Dr. Michele Ramsey, of Penn State University, is a fairly recent convert to Swift-dom. This fall she’ll teach a brand-new class titled “Taylor Swift, Gender, and Communication.” Introduced to Swift by her 9-year-old “bonus niece” (and her millennial mom) she enjoyed the music, but on hearing “All Too Well” she “realized that my niece knew the meaning of the word patriarchy”. That’s probably, in part, because her mother is a faculty member, but she still knows a word and what it means at nine that I didn’t know until I was in college. I think and hope that Taylor Swift is helping rear a generation to be comfortable showing vulnerability and kindness, but also saying NO to oppression and discrimination.”

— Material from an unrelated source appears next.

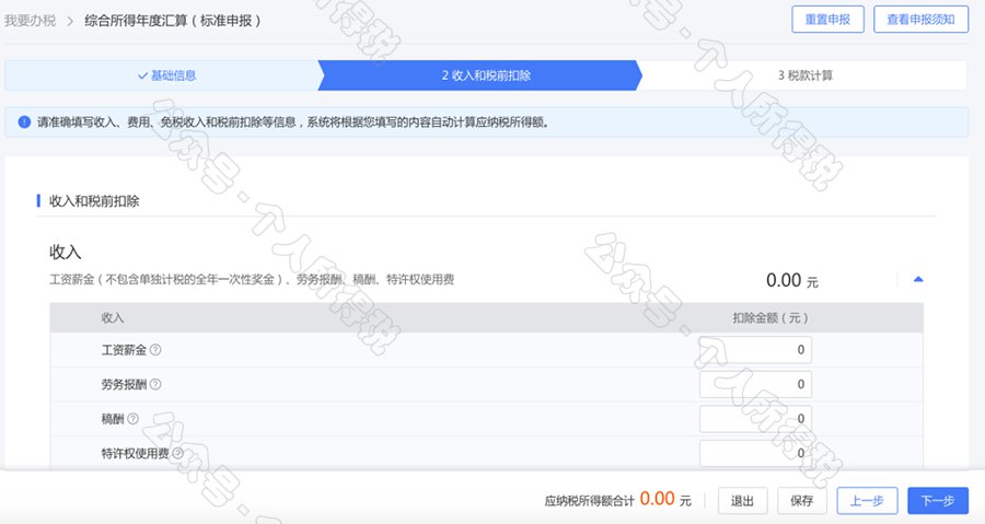 系统将自动归集您在纳税年度的收入纳税数据[工资薪金、劳务报酬、稿酬、特许权使用费],并直接进行预填至相应申报栏次。

Ramsey adds, “I think what’s phenomenal about Taylor Swift right now is that she is the center of the pop culture universe and that she’s also just plain central to the world right now, even outside of pop culture. And I think she’s accomplished this through lots of hard work, but I also think that this is the first time women’s stories have been central to popular culture and that’s because of Taylor Swift.”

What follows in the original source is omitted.